Devant cet afflux constant de nouveautés musicale, il est donc de plus en plus fréquent de passer d’un projet à un autre rapidement. Voire très rapidement. Nos habitudes de consommation culturelle ont évolué, et pas uniquement dans la musique, le binge-watching popularisé avec Netflix en étant la preuve. L’avénement des plateformes de streaming, l’importance des playlists et les innombrables arrivées de nouveaux talents ont donc profondément changé notre paradigme. La durée de vie d’un projet n’a ainsi jamais semblé aussi courte. Voilà pourquoi la période des fêtes de fin d’année, véritable trêve hivernale de l’industrie du disque, apparaît comme une anomalie aux yeux de fans toujours plus avides de sonorités inédites.
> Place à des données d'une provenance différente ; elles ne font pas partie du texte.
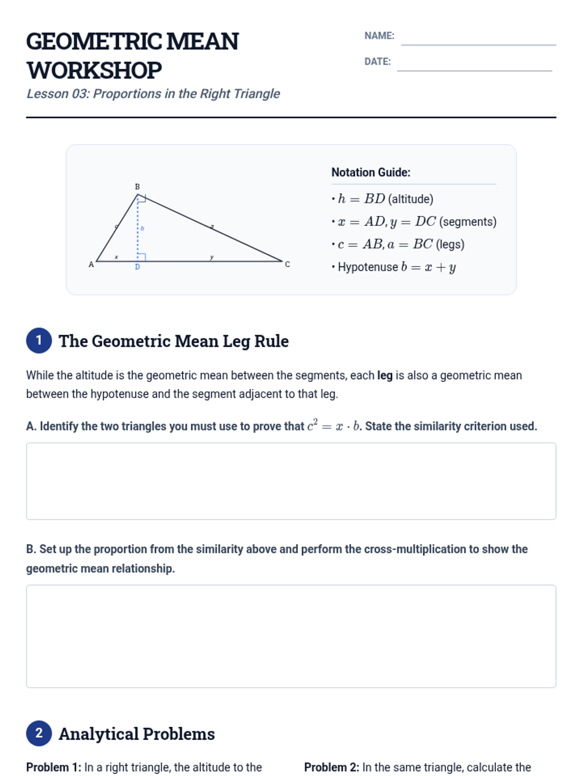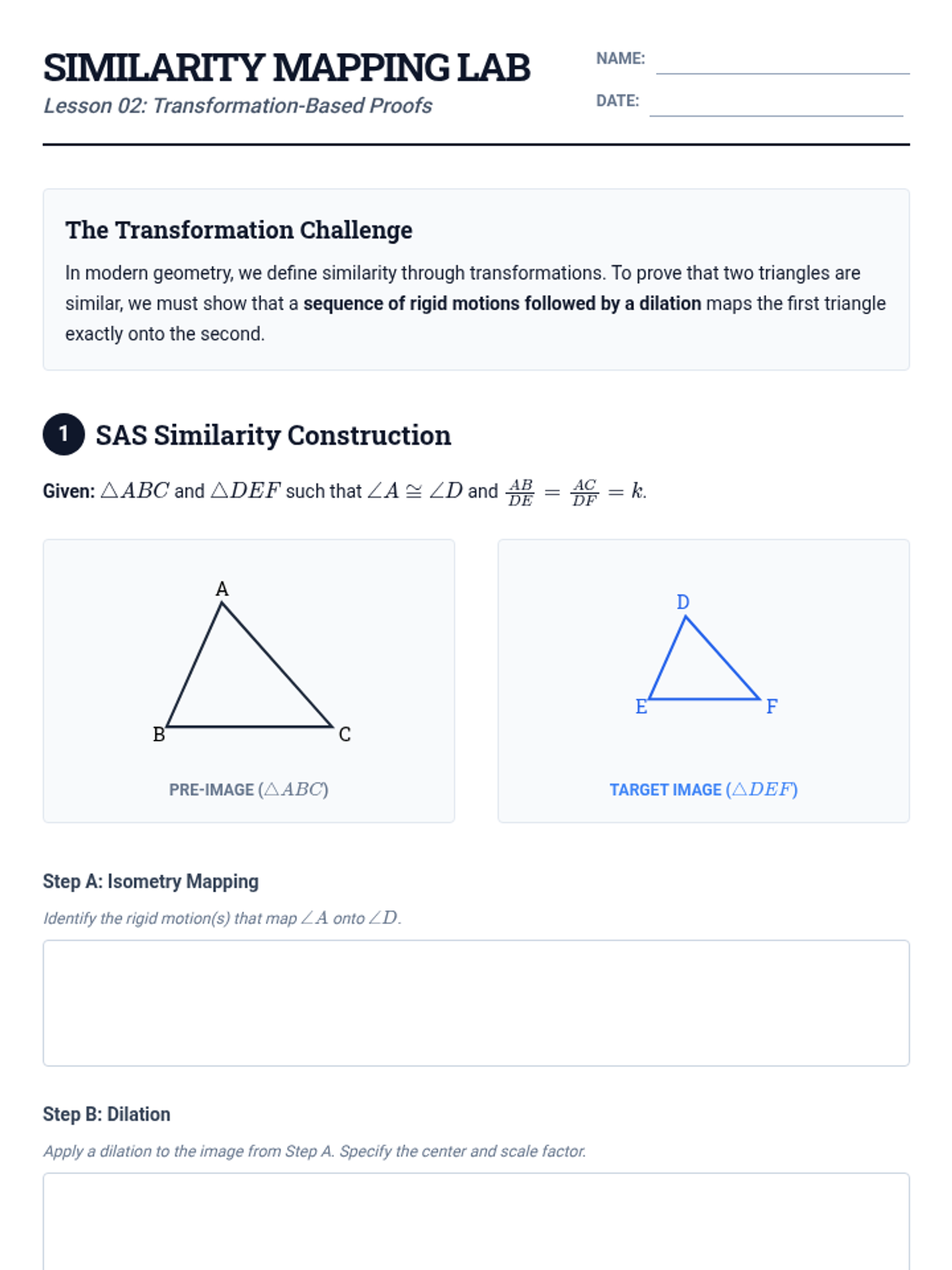 A rigorous undergraduate exploration of similarity theory, proportionality, and their applications in proving the Pythagorean Theorem and circle properties. Students move from dynamic exploration to formal proofs.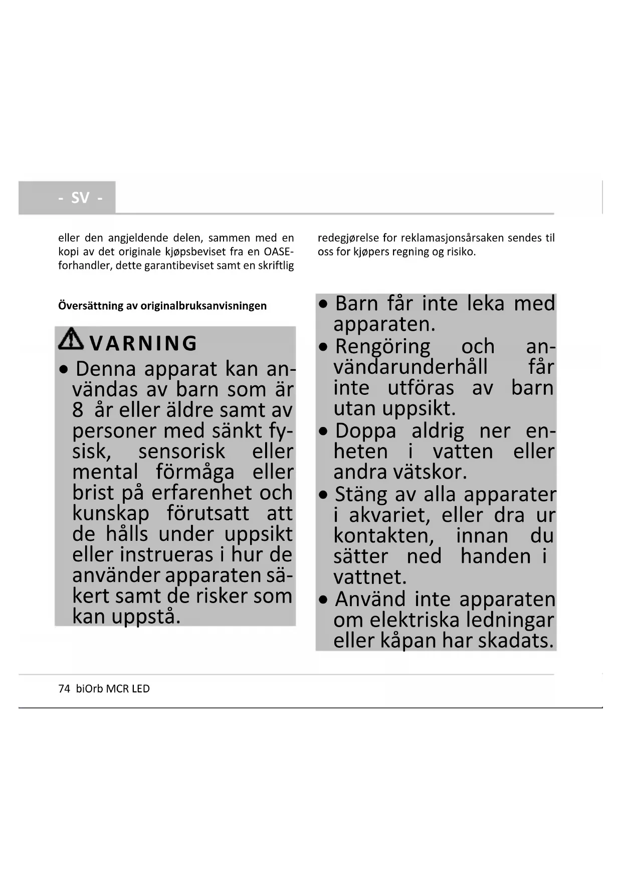 - SV - Översättning av originalbruksanvisningen VARNING

Comme des accrocs n’ayant pas eu accès leur dose, les fans de rap doivent désormais prendre leur mal en patience et attendre la fin de cette période de flottement. Et les errements de certains artistes ne sont pas là pour les aider, bien au contraire. Kanye West a repoussé Yandhi par deux fois, Lil Uzi Vert parle de son Eternal Atake depuis des mois et des mois, tandis qu’Offset devait constituer la sortie majeure de la fin d’année avec son album solo. Il aura visiblement préféré exposer sa rupture avec Cardi B aux yeux du monde entier. Enfin, que dire de l’étrange silence de PNL ? Car si les fans de rap ont maintes fois prouvé qu’ils savaient se montrer anormalement patients avec leurs idoles, il sont paradoxalement les plus anxieux lorsque le flot de nouveautés se tarit.

Néanmoins, cette disette devrait bientôt toucher à sa fin et chacun pourra de nouveau se jeter corps et âmes dans l’écoute intensive de dizaines de projets par semaine. Elle aura néanmoins eu pour intérêt de faire s’interroger sur certains sur leur façon d’aborder le bien culturel que constitue la musique. Le rap est-il condamné à devenir de la junk-music ? Un genre consommé aussi rapidement qu’il serait oublié ? Le talent indéniable de nombreux artistes américains et français, tout comme l’intelligence des fans et la suprématie de ce courant musical sur notre époque, devraient toutefois nous amener à penser le contraire. Prenons donc notre mal en patience, 2019 dispose de tous les arguments pour être encore une très belle année musicale.